Output exactly the lines from the line that has "Moderne Ferienwohnung in" through the last line of the data below, with no pictures.
Provided material section start
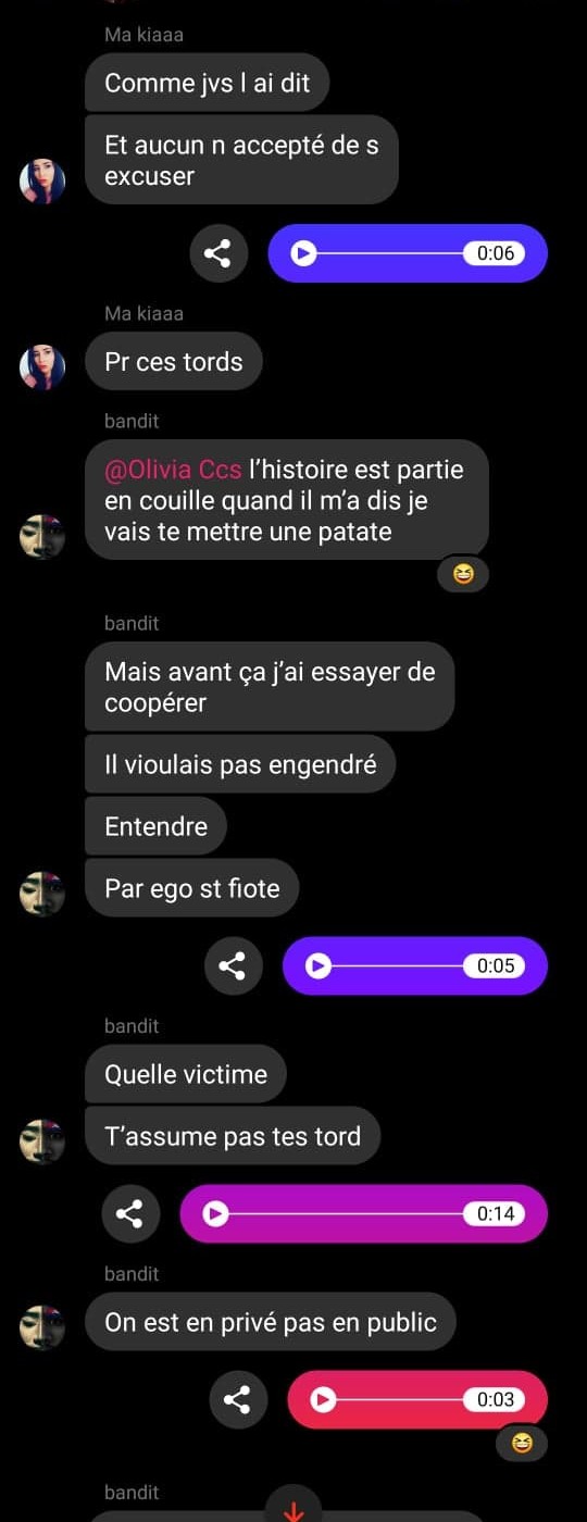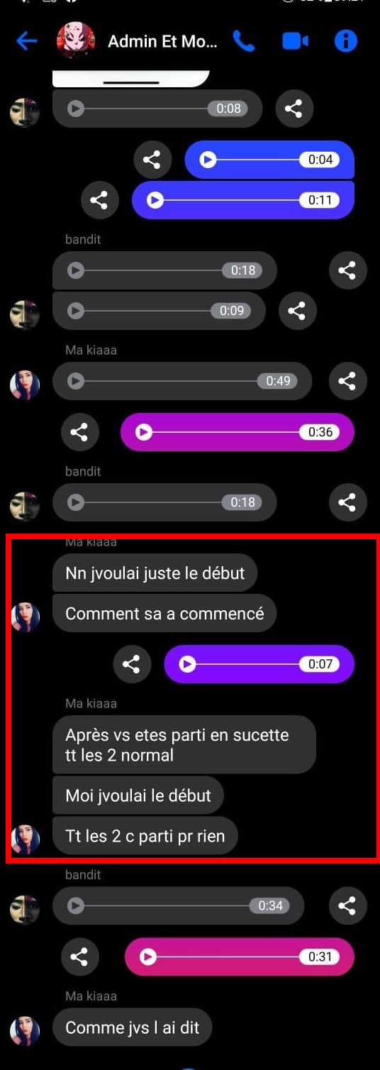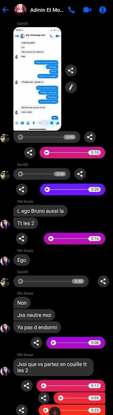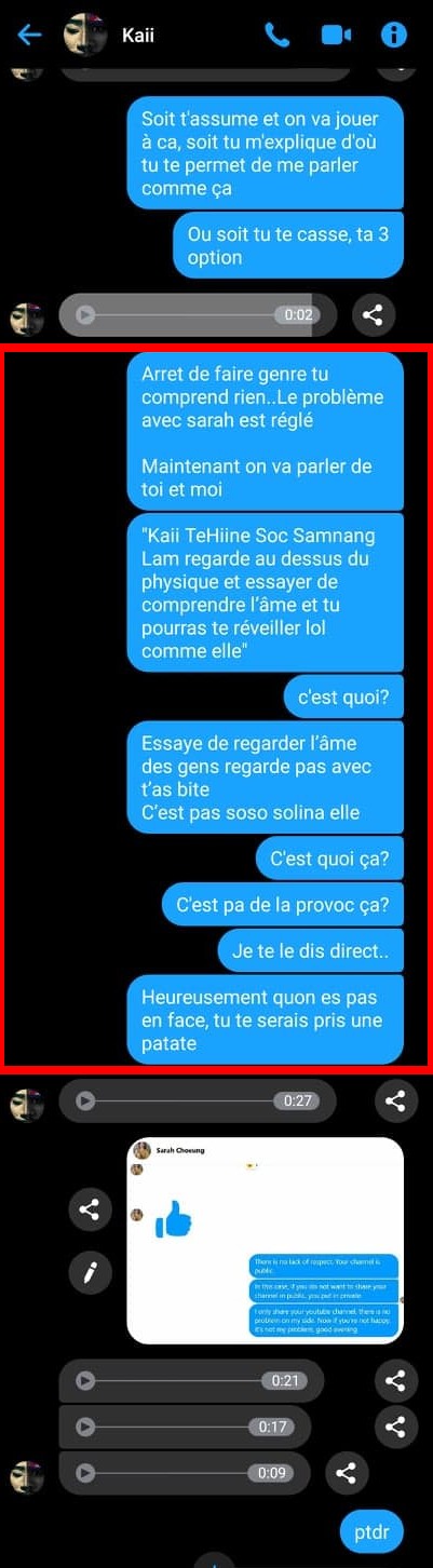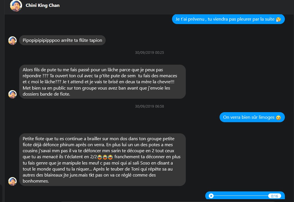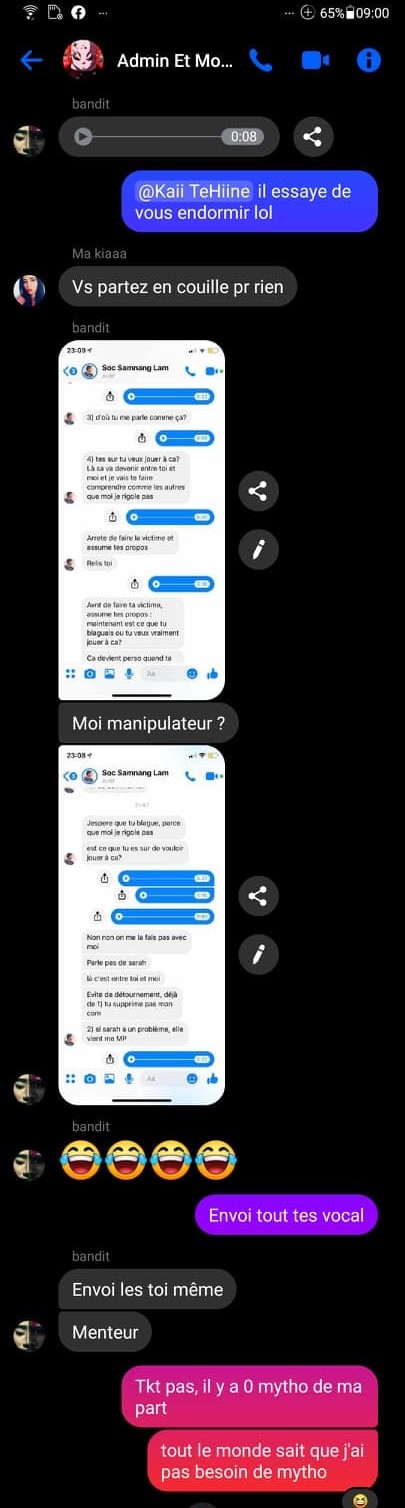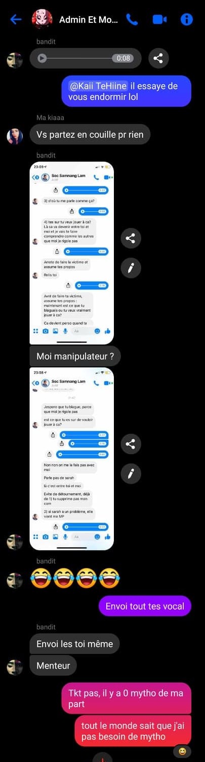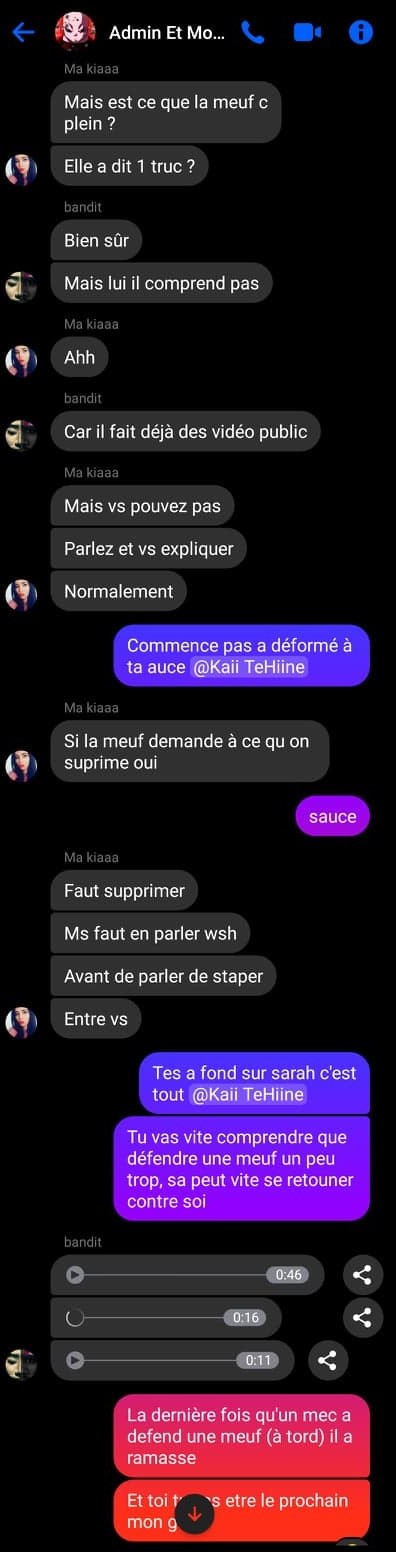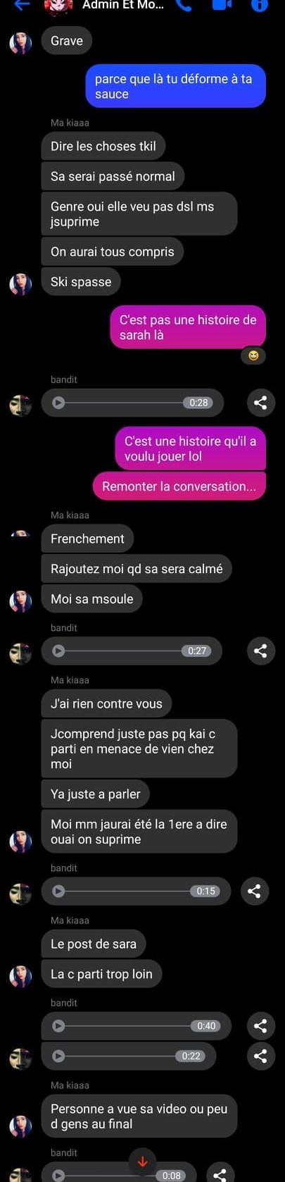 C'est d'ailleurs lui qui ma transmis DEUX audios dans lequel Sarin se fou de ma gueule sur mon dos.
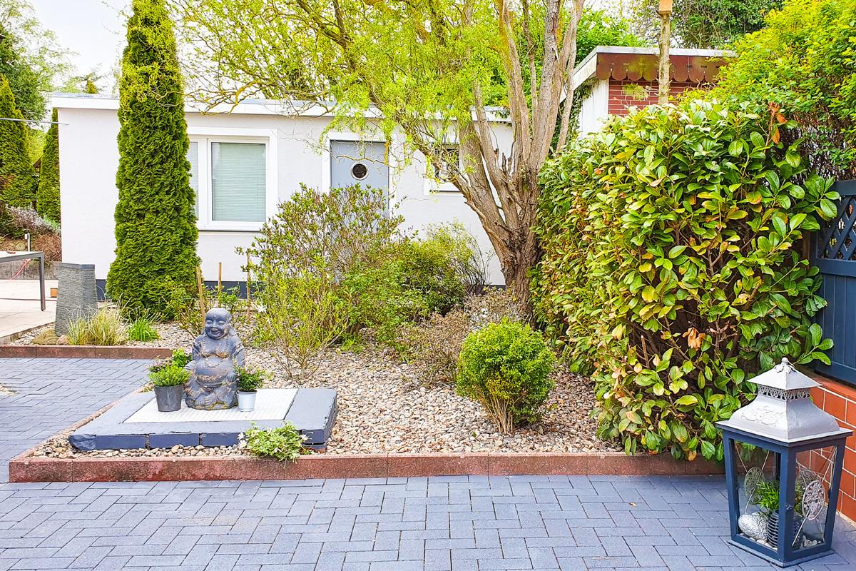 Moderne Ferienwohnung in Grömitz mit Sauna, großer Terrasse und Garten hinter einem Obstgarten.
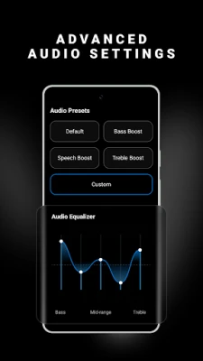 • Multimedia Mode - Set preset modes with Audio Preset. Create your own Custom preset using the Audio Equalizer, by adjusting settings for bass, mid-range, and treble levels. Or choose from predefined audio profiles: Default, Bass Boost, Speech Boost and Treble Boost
Provided material section end
• [Exercise answer]
 Moderne Ferienwohnung in Grömitz mit Sauna, großer Terrasse und Garten hinter einem Obstgarten.
 • Multimedia Mode - Set preset modes with Audio Preset. Create your own Custom preset using the Audio Equalizer, by adjusting settings for bass, mid-range, and treble levels. Or choose from predefined audio profiles: Default, Bass Boost, Speech Boost and Treble Boost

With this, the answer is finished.